Polykey
Polykey copied to clipboard
Apply bin packing algorithms to the setup of our parallel CI/CD test runners
Specification
We want to introduce test load balancing to better parallelise and speed up our CI/CD tests. Part of this task is determining the most efficient number of shards to use, since we want to have the lowest number of parallel runners with the highest rate test completion. Such a task falls under the scope of a bin packing problem, which is NP-hard, however there are approximations we can use to make the problem easier.
On top of simply choosing the best number of shards to use, we want the shards themselves to be evenly balanced so that every test runner finishes at approximately the same time. We can use cached timing information from previous test runs to help to make this decision.
Additional context
- https://github.com/MatrixAI/TypeScript-Demo-Lib/pull/65#issuecomment-1168078968 - Summary of Jest's default sharding/sorting algorithm, along with comparisons with existing solutions
- https://github.com/kamilkisiela/split-tests - Very simple algorithm for keeping shards approximately the same size (no calculation for the most efficient number of shards though)

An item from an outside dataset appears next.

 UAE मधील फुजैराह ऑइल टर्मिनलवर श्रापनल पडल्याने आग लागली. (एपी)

- https://github.com/MatrixAI/js-polykey/issues/392 - Issue for introducing test load balancing to PK
Tasks
- ...
- ...
- ...
To do this, a custom test sequencer that overrides the shard
method would need to be used. This experimented with prior in https://github.com/MatrixAI/TypeScript-Demo-Lib/pull/65
Doesn't seem relevant anymore, testing is pretty quick now by spreading the workload between Polykey and Polykey-CLI.

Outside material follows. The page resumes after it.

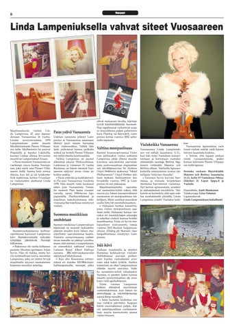 Vuosaaressa Linda Lampeniuksen voi nähdä lauantaina 11.11., kun hän tulee Vuotaloon konsertoimaan ja kertomaan ruotsiksi elämästään juontaja Bettina Sågbomin vetämään Maestro och Bettina -iltaan. Vanhoilla lapsuuskulmilla esiintyminen tuntuu taiteilijasta ”erityisen ihanalta”. – Esiinnyn hyvin harvoin Suomessa, ja minusta kirjoitetaan Suomessa harvemmin viulistina. Nyt kerron opinnoistani, urastani ja rakkaudestani musiikkiin. Tärkeintä on kuitenkin, että saan soittaa suomalaiselle yleisölle, Linda Lampenius miettii Vuotalon keik-

The sharding system is still being used (even in the migration to GitHub in https://github.com/MatrixAI/Orchestrator/issues/10), as can be seen by:
scripts/build-platforms-generate.sh
10:# Using shards to optimise tests
14:# Number of parallel shards to split the test suite into
136: - npm test -- --ci --coverage --shard="$CI_NODE_INDEX/$CI_NODE_TOTAL" --maxWorkers=50%
164: - npm test -- --ci --coverage --shard="$CI_NODE_INDEX/$CI_NODE_TOTAL" --maxWorkers=50%
However it's just relying on whatever jest's default sharing allocation algorithm is.